# “Amazon” Sword



## davemonkey (Mar 29, 2008)

I bought these at Petsmart as an “Amazon Sword” (split it into 2 plants). The new submerged leaves appear narrower than what I have experienced in the past with large swords, and each of these has put out a horizontal adventitious shoot (as opposed to vertical to which I am accustomed to seeing). There’s also this moderate “twist” to the leaves and somewhat of a striped pattern. 
Is this a hybrid of some type? Or just a reaction to my water quality?


----------



## davemonkey (Mar 29, 2008)

The pics are hazy because my water is hazy. 3rd pic is attempting to capture the horizontal runner with plantlet at the tip.


----------



## mistergreen (Mar 3, 2007)

The sword in question is Echinodorus amazonicus. Keep in mind this is emersed growth. It'll take a while to adjust to water.


----------



## Cavan Allen (Jul 22, 2004)

Current name is _E. grisebachii_. It appears to be suffering a nutrient deficiency.


----------



## davemonkey (Mar 29, 2008)

*Re: "Amazon" Sword*

Thanks for the info.
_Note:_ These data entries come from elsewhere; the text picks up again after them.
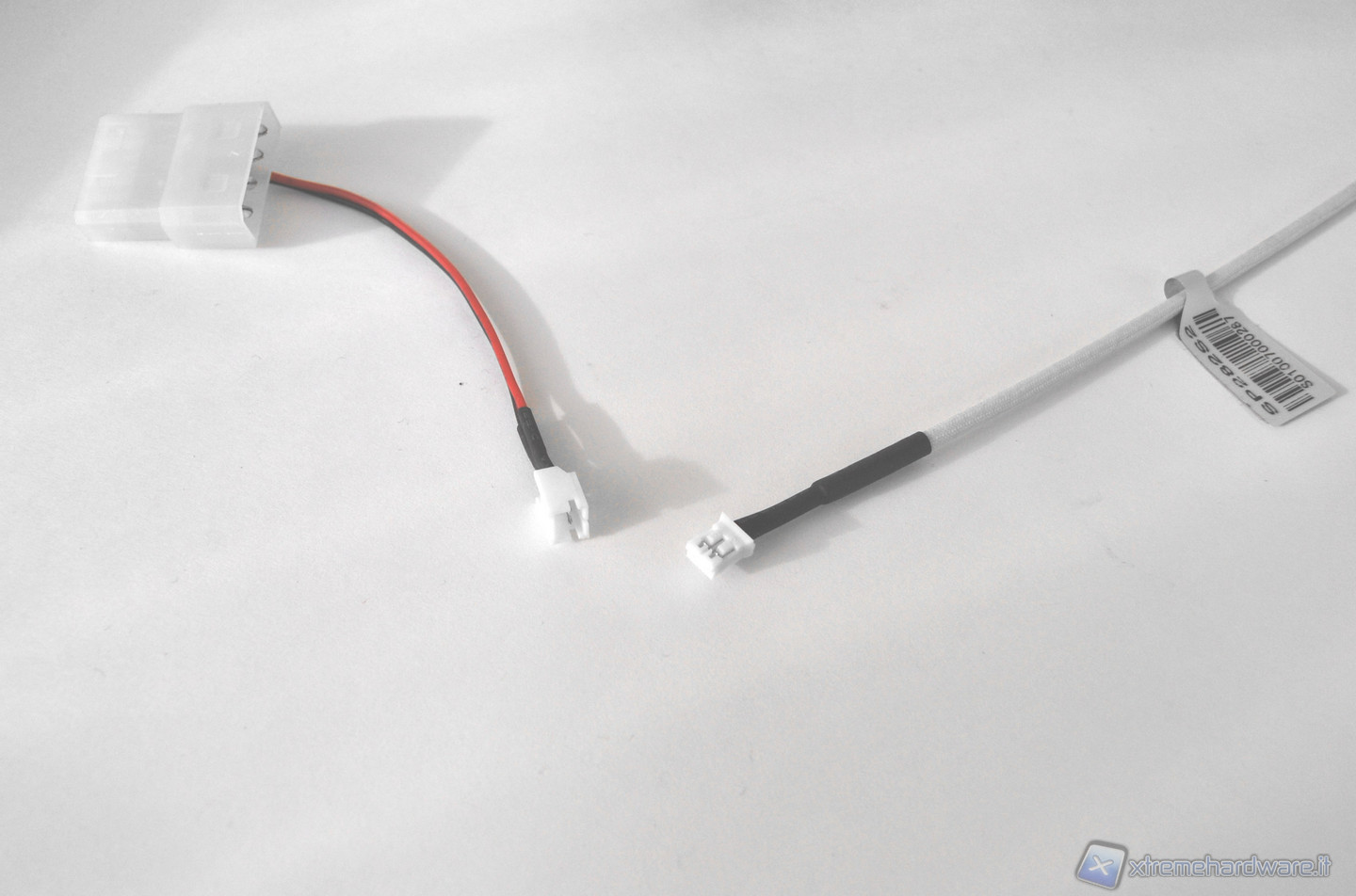 Il connettore è a 2 pin e può essere applicato direttamente alla scheda video (generalmente AMD), oppure collegato tramite adattatore Molex 4 pin, fornito in dotazione.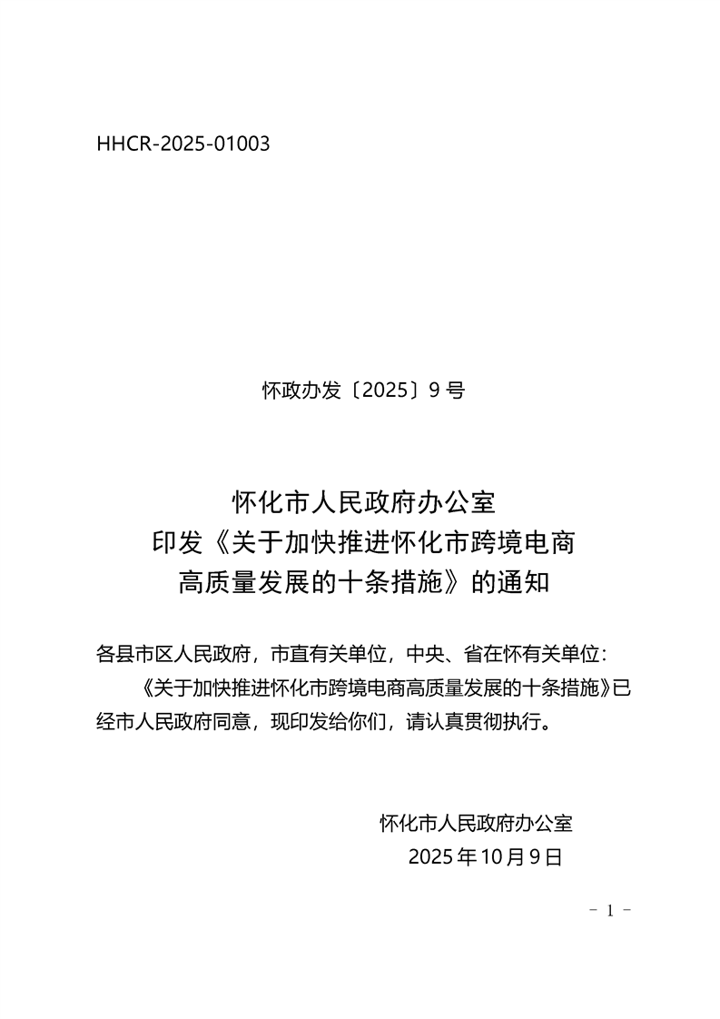 關(guān)于印發(fā)《關(guān)于加快推進懷化市跨境電商高質(zhì)量發(fā)展的十條措施》的通知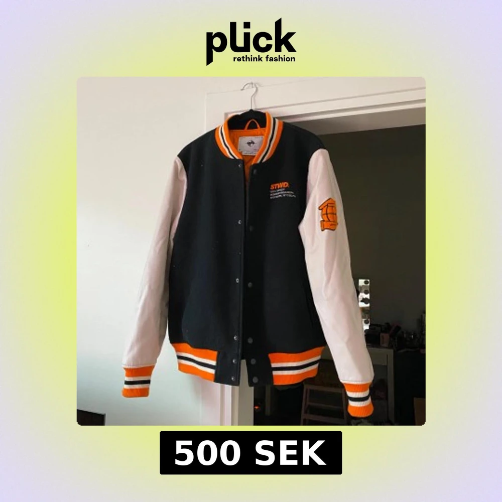Snygg svart och vit varsity jacka från pull & bear i storlek M. Jackan har långa vita ärmar och svart kropp med broderade logotyper på bröstet och ryggen. Den har knappar framtill och ribbade muddar i orange, svart och vitt. Använd men i väldigt bra skick.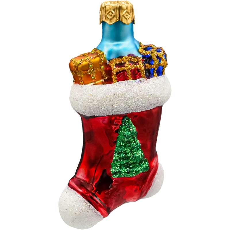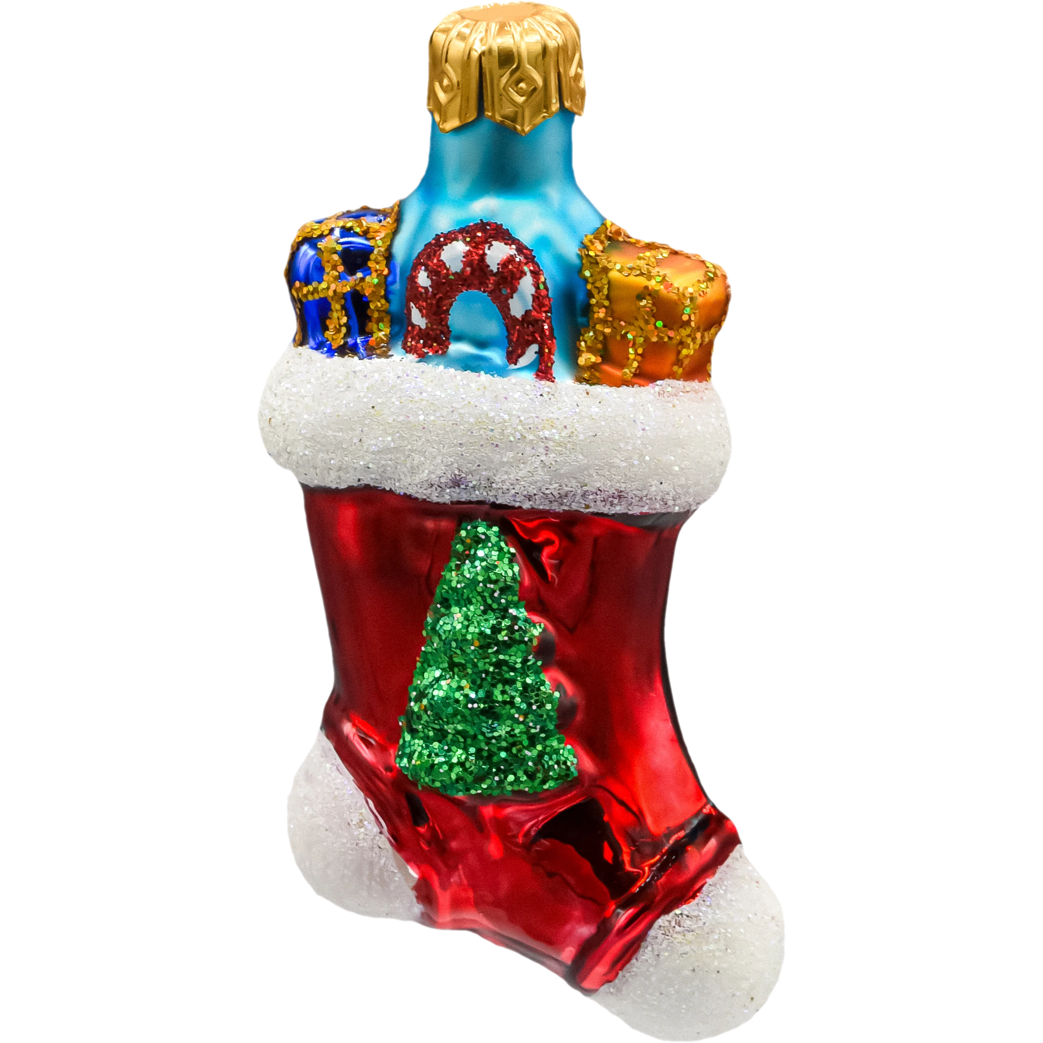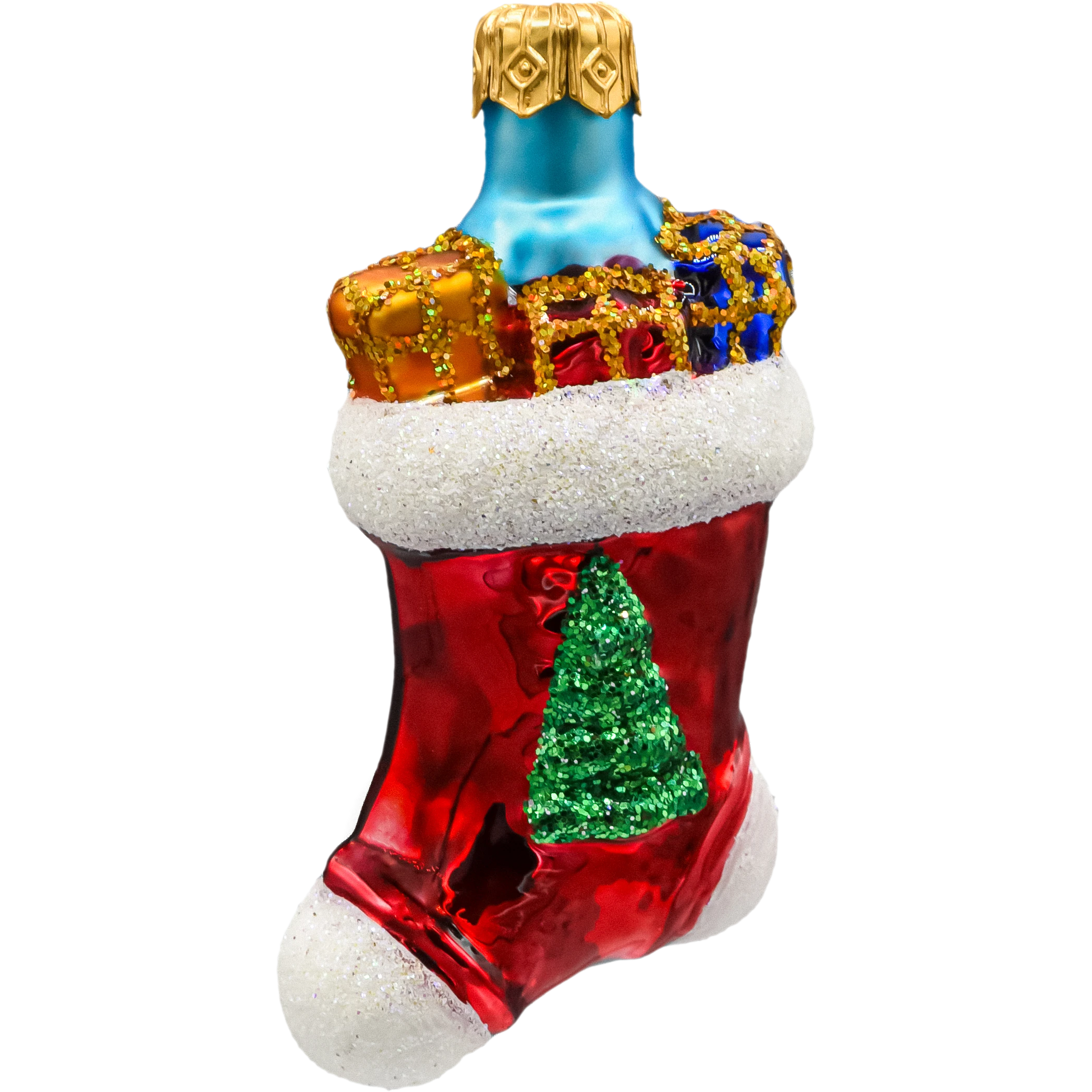 Szklana bombka choinkowa w kształcie świątecznej skarpety z prezentami i choinką. Ręcznie malowana bombka figurka ze szkła dmuchanego – klasyczna, błyszcząca ozdoba bożonarodzeniowa w stylu retro i glamour. Idealna na choinkę, do kolekcji lub na prezent.

Okay, yes, I remember now that some testing several years ago (2008-ish) led to E. amazonicus and E. bleheri being found to be synonomous with E. grisebachii. 
Yes, very good chance there is a K deficiency in my aquarium right now, as well as likely micros.
I was just thrown off by the horizontal runners because the swords I kept years ago had vertical...wasn't sure if this was some different characteristic, but also may be nutrient-related.


----------